Buenos Aires, Argentina
Obtaining A Brazilian Visa
If you want to travel into Brazil, and you're fortunate enough to possess a passport from one of the countries they actually like, you won't have to worry about visa formalities prior to reaching the border; however, if you don't, get ready to jump through the hoops.
For all the crap I'm going through to get a tourist visa into Brazil, the place better be worth it. Never before in Latin America have I had to apply for entry into a country in advance, and the amount of red tape is rather off-putting.
It's not just the bureaucratic formalities; the US$100 fee that I have to pay because of my nationality is ridiculous. Yes, I'm aware that it's Brazil's way of giving the middle finger to the USA for the US$100 my government charges for visas into the United States—reciprocity, they're calling it.
In Buenos Aires a visit to the Brazilian embassy is required for many to secure entry into the 5th largest country in the world. An American girl in my hostel was recounting the ordeal that she had to go though during her visit during the allotted hours—most of it was time spent waiting in a series of lines.
Items to have in hand when you visit the embassy:
- Your passport,
- A single passport photo,
- Proof of yellow fever immunization,
- Proof of purchased transport into and out of the country,
- The known name, address, and phone number of a hotel or hostel, and
- The processing fee
The embassy Web site instructs that you can fill out the paperwork ahead of time (and the girl I talked to highly recommended doing it)—but this just turned out to be a waste of time. The visa clerk denied the form (holding up a different variation of the tourist visa application) and told me to use the application-only computers to create a new one. Fortunately there wasn't an hour-plus line to use them, like the American girl had to wait in.
After waiting an hour or so in line I came to discover four things:
- They could care less about a yellow fever vaccination certificate,
- You couldn't pay the processing fee at the embassy,
- You better have some convincing proof of inward and onward travel in order, and
- The embassy was going to take my passport away from me while they processed it—for an entire week
The big sticking point people seem to be having problems with is presenting proof of onward travel. The embassy not only wants to see your ticket into the country, but that you've already secured your transport out—always problematic when you're backpacking and don't have any desire to control your schedule with fixed travel dates.
I walked up to the clerk and presented her with my fake airline travel itinerary, courtesy of my faux ticket technique. The key is knowing that with so many ways to print out an electronic ticket itinerary, there's no way for an immigration or embassy employee to verify the legitimacy of the document (they don't have the resources for such things anyway). If your name is on the printout and it shows an airline and flight destinations they're familiar with, you're golden.
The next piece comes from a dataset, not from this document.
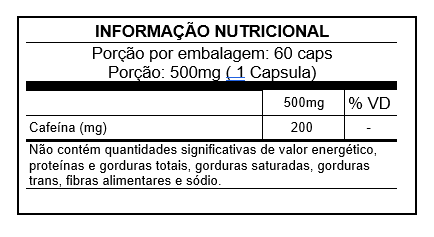 Ingredientes: Cafeína Anidra,  Amido de milho,  antiumectante dióxido  de silicio (INS 551)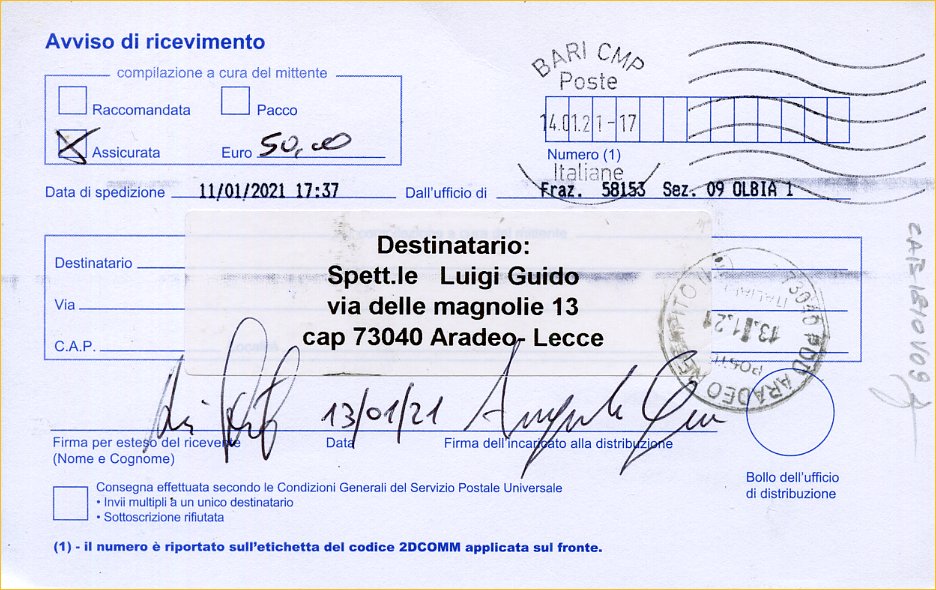 raccomandata nr. 009317035050 .

Additionally, I manipulate the situation by using a highlighter to mark the parts of the document that I want their eye to focus on.
My big stink of the ordeal was that I couldn't pay the visa processing to the embassy directly, I was sent to a bank several blocks away with a numbered piece of paper. In the bank I waited, and waited, and waited. Eight or so people in front of me and it took over an hour to reach the counter. Pesos only, to boot, I couldn't pay the fee in dollars.
I'm told that Bolivia has recently (just a few weeks after I passed through it) started forcing travelers go through similar visa processing procedures (and fees) prior to traveling through the country. I find this annoying to no end, as Bolivia has clearly been thought of as a gateway between Argentina and Peru for some time now.
Update: One week later I have my passport and visa in hand.